La poésie idiomatique de Jarrell a été écrite pour être écoutée, rejoignant le style populaire des années 1960 et des poètes plus jeunes tels que Allen Ginsberg et Gregory Corso. Mais le travail de Jarrell est beaucoup plus discipliné, son personnage plus varié, que celui de la Beat School. Il était un prosodiste doué, tout aussi à l’aise avec les formes de vers libres et traditionnelles, et il a écrit des versions modernes vives de formes établies telles que la sestina. En outre, il pouvait combiner efficacement différents modes poétiques. Une belle fusion du portrait de personne avec la satire sociale se trouve dans « In Montecito » (1963).

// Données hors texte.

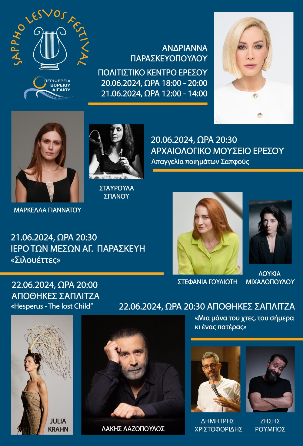 Αναλυτικότερα το πρόγραμμα περιλαμβάνει την Πέμπτη 20 Ιουνίου, 18:00 – 20:00, στο Πολιτιστικό Κέντρο Ερεσού εκδήλωση με θέμα «Αφιέρωμα στη ποιήτρια Σαπφώ» με ομιλητές τους Sandra Boehringer, καθηγήτρια Ελληνικής Ιστορίας στο Πανεπιστημίου του Στρασβούργου, με θεματική: «Ο ίλιγγος του Έρωτα. Η Σαπφώ και ο έρωτας μεταξύ γυναικών στην αρχαία Ελλάδα», Τασούλα Καραγεωργίου, συγγραφέας μεταφράστρια ποιημάτων Σαπφούς, με θεματική: «Η Σαπφώ και το νεοελληνικό δημοτικό τραγούδι» και Laurie Laufer, καθηγήτρια στις ψυχαναλυτικές σπουδές, Université Paris Cité) με θεματική: «Οι ηρωίδες του μοντερνισμού». Την εκδήλωση συντονίζει η δημοσιογράφος Ανδριάννα Παρασκευοπούλου.

Dans le contexte historique de la poésie anglo-américaine, l’œuvre de Jarrell fait écho aux monologues dramatiques de Robert Browning, à travers la poésie de guerre de Wilfred Owen, préfigurant, finalement, les derniers poèmes confessionnels de son ami Robert Lowell. Bien que Jarrell ne soit pas un poète confessionnel semblable à Sylvia Plath, il est devenu plus directement personnel à la fin de sa vie dans « The Lost World » et « Thinking about the Lost World » (1965).
Il y a encore d’autres facettes de l’expression de Jarrell. Il a traduit des œuvres de Rilke, E. Morike, et Tristan Corbière et travaillait sur une traduction du Faust de Goethe au moment de sa mort. Il a également écrit des livres pour enfants à succès, parmi lesquels The Bat Poet (1964) et The Animal Family (1965). À sa manière tranquille, il était une personne de la Renaissance, un « homme de lettres polyvalent au sens européen, avec une vraie verve, une imagination et un caractère unique » (Robert Lowell). Cette carrière toujours en évolution a été écourtée lorsque Jarrell a été heurté et tué par une auto à Greensboro, en Caroline du Nord, le 14 octobre 1965.